We can use Pyda’s backtrace feature to print out a (demangled!) backtrace at this comparison:
p = process(io=True)
e = ELF(p.exe_path)
e.address = p.maps[p.exe_path].base
p.hook(e.address + 0x1891b, lambda p: print(p.backtrace_cpp(short=True)))
# Run the process until FLAG: is received
p.recvuntil("FLAG: ")
p.sendline(("ABCDEFGH").ljust(0x40, "A")) # ABCDEFGHAAAAAAAAAAAAAAAAAAAAAA.....A
# Run the process until termination
p.run()
In this script, we passed io=True
to the Pyda process()
call and used the pwntools-style p.recvuntil
and p.sendline
interface to send our input directly.
root@6792c69f4f0d:/opt/pyda# pyda script.py -- /F
[F+0x1891b] auto std::operator!=<unsigned int, std::__cxx11::b...onst&, std::integral_constant<unsigned long, 0ul>)
[F+0x1b9c8] void std::__invoke_impl<void, std::operator!=<unsi...st&, std::integral_constant<unsigned long, 0ul>&&)
[F+0x1a6ac] std::__invoke_result<std::operator!=<unsigned int,...st&, std::integral_constant<unsigned long, 0ul>&&)
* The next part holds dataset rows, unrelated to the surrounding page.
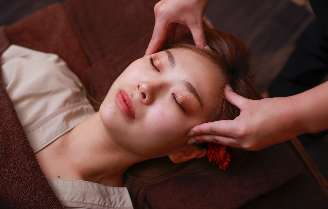 当コースでは、頭のコリをほぐすドライヘッドスパに加え、お好みに合わせて施術を選べるのが魅力です。ひとつは、圧をかけてコリをほぐす手技とヨガストレッチを組み合わせたタイ古式ボディケア。もうひとつは、タイの高級スパブランド「HARNN(ハーン)」のオイルを使用し、数種類の中から気分に合う香りを選べるアロマオイルトリートメント。お好みの施術を組み合わせることで、全身をゆるやかにリラックスへと導きます。
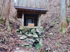 堂の左前には「戦勝祈願」と刻まれた灯籠と如意輪観音の石像、右奥には立派な宝篋印塔と石祠、「満藏山改修記念碑」の石碑が建つ。この石碑によると、倒木のため本堂が破損したので大改修を行ったとのこと。碑の建立は平成八年だから、そう古い話ではない(と思ったが、四半世紀も前だ^^;)。さらに奥には改修時に寄進されたと言う不動尊がある。
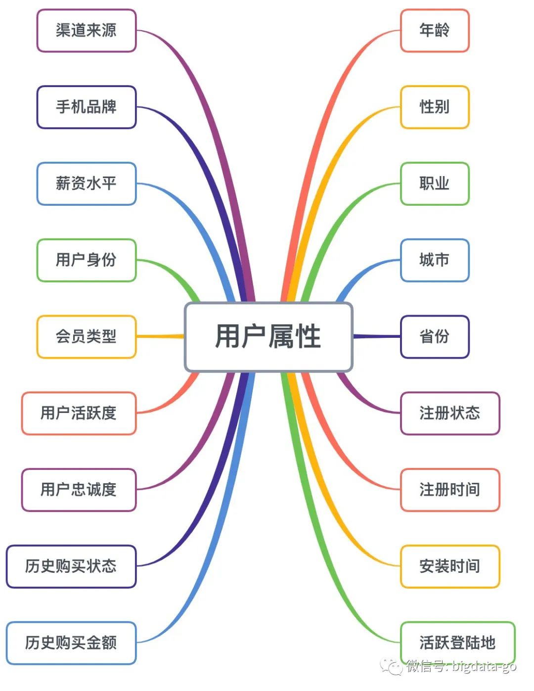 这五大维度数据标签不再一一列举,仅举例用户属性标签如下:
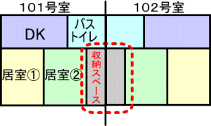 少し考えて作られている物件は、なるべく居室同士が直接面さない構造になっている。図のようなものを反転間取りといい、収納スペースが隣あって緩衝地帯を作るのだが、収納スペースは布団や衣類が入ることが多く、ほとんどの場合、これが防音効果を発揮するのだ。
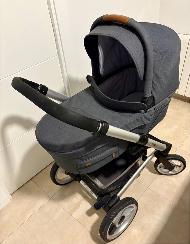 Carro Mutsy Nio en color gris. - Chasis robusto y ligero. - Capazo espacioso. - Ruedas todoterreno. - Manillar ajustable. - 2 sacos de invierno - Silleta de paseo
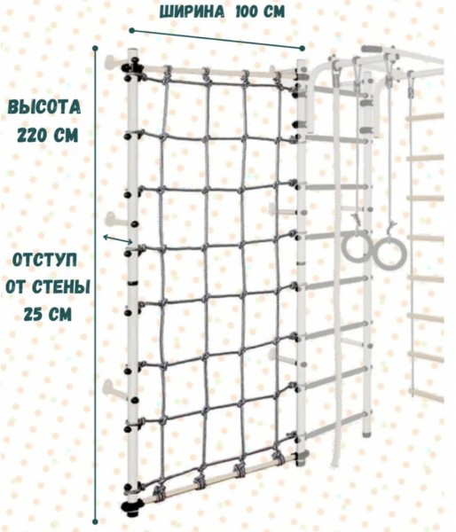 Это пристенный вариант стойки с канатным лазом, которая является дополнительным оборудованием к стенкам серии Юный Атлет. Стойка с канатным лазом будет хорошим дополнением к шведской стенке Юный Атлет Пристенный и понравится Вашему ребенку! Крепится сбоку к домашнему спорткомплексу и к стене.
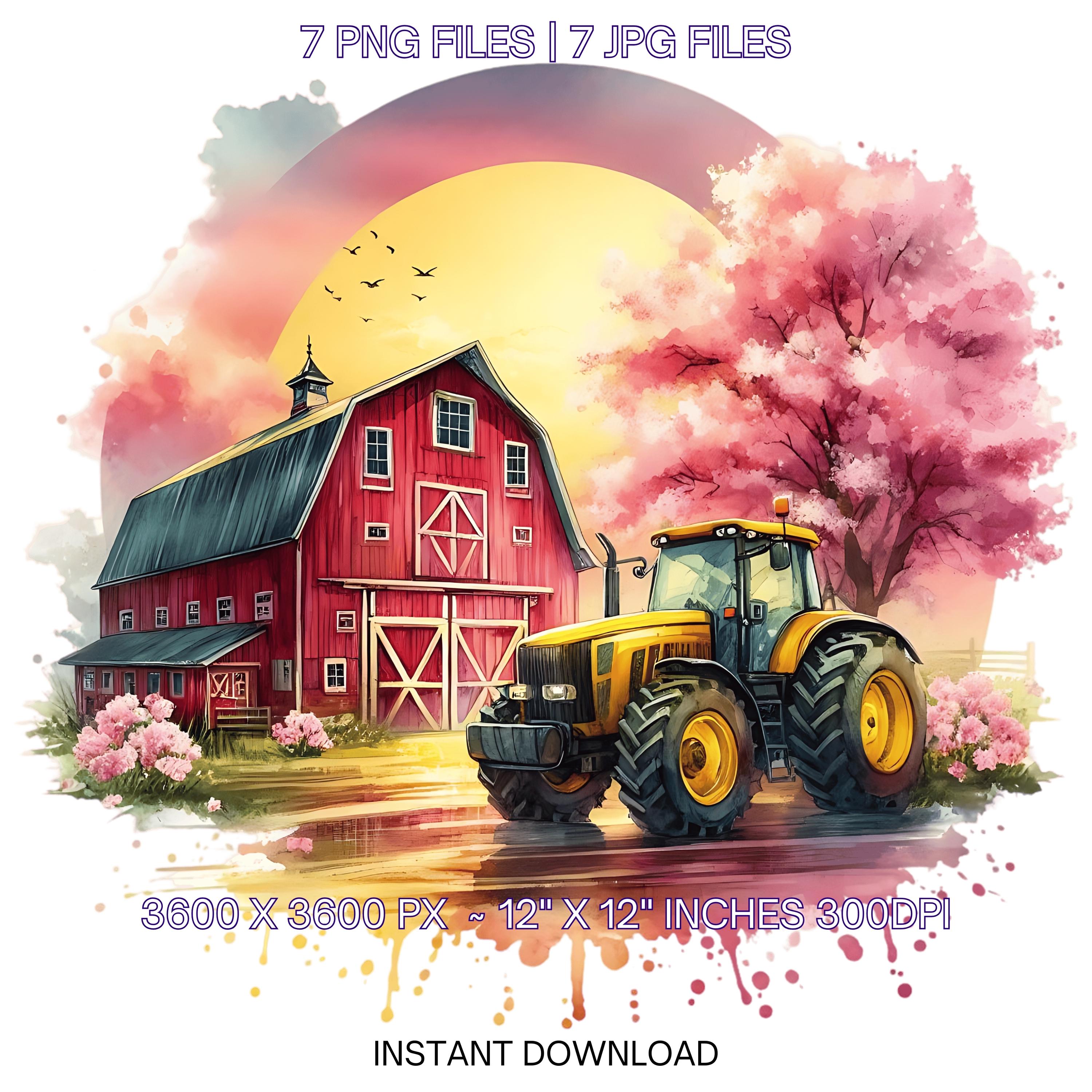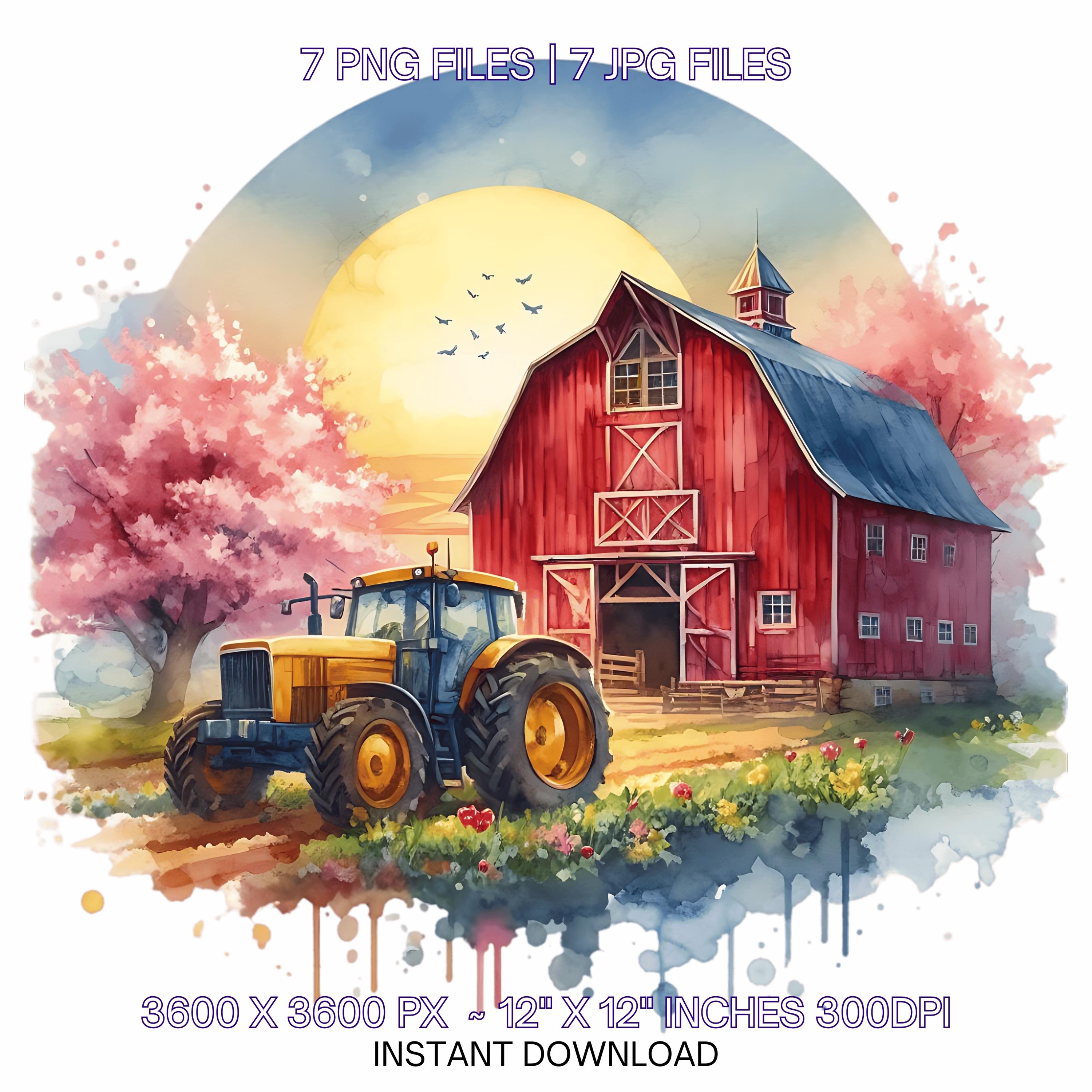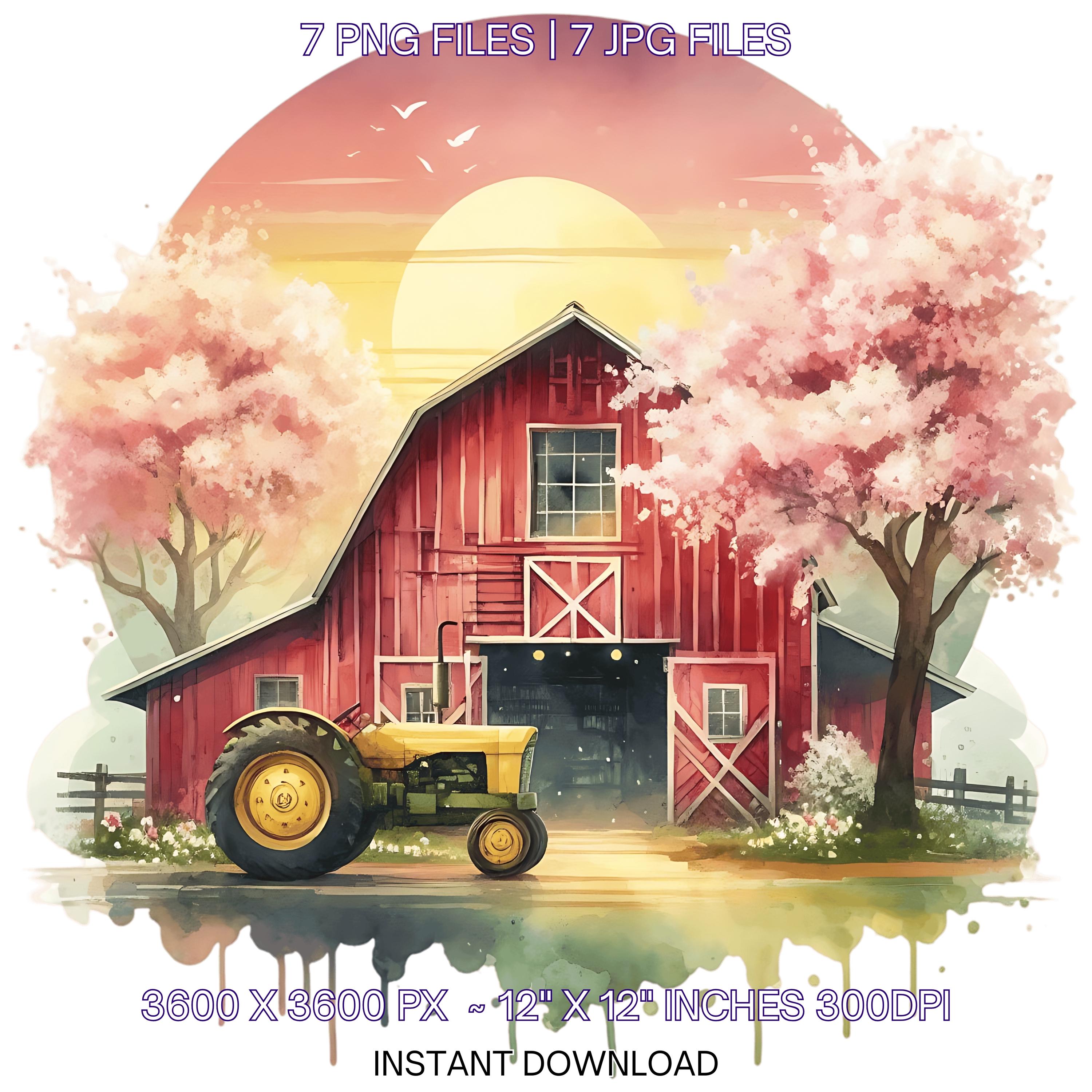 Farm Clipart with Barn, Tractor & Flowering Trees | Watercolor Spring Farmyard Clip Art PNG | 7 PNG-JPG Sublimation Designs Commercial Use is an eye-catching, high-resolution digital asset designed for creators, crafters, teachers, and small business owners looking to elevate their visuals.

[F+0x189b5] std::__detail::__variant::__gen_vtable_impl<std::_...allocator<char> >, std::shared_ptr<Cons> > const&)
[F+0x18dd3] decltype(auto) std::__do_visit<std::__detail::__va...allocator<char> >, std::shared_ptr<Cons> > const&)
[F+0x18ea2] void std::__detail::__variant::__raw_idx_visit<std...allocator<char> >, std::shared_ptr<Cons> > const&)
[F+0x16755] bool std::operator!=<unsigned int, std::__cxx11::b...allocator<char> >, std::shared_ptr<Cons> > const&)
[F+0x3b0c] main::{lambda(std::variant<unsigned int, std::__cx...:allocator<char> >, std::shared_ptr<Cons> >) const
[F+0xc9cb] main::{lambda(auto:1, std::variant<unsigned int, s...r<Cons> >) const::{lambda()#2}::operator()() const
[F+0x14617] std::variant<unsigned int, std::__cxx11::basic_str... >, std::shared_ptr<Cons> >) const::{lambda()#2}&)
[F+0x13208] std::enable_if<is_invocable_r_v<std::variant<unsig... >, std::shared_ptr<Cons> >) const::{lambda()#2}&)
[F+0x105fa] std::_Function_handler<std::variant<unsigned int, ...t::{lambda()#2}>::_M_invoke(std::_Any_data const&)
[F+0x167d4] std::function<std::variant<unsigned int, std::__cx...>, std::shared_ptr<Cons> > ()>::operator()() const
[F+0x3ba6] main::{lambda(std::variant<unsigned int, std::__cx...ocator<char> >, std::shared_ptr<Cons> > ()>) const
[F+0xcc75] std::variant<unsigned int, std::__cxx11::basic_str...:allocator<char> >, std::shared_ptr<Cons> >) const
[F+0x53fe] decltype(auto) fix<main::{lambda(auto:1, std::vari...locator<char> >, std::shared_ptr<Cons> >&) const &
[F+0x5539] main::{lambda()#1}::operator()() const
[F+0x13347] std::variant<unsigned int, std::__cxx11::basic_str...a()#1}&>(std::__invoke_other, main::{lambda()#1}&)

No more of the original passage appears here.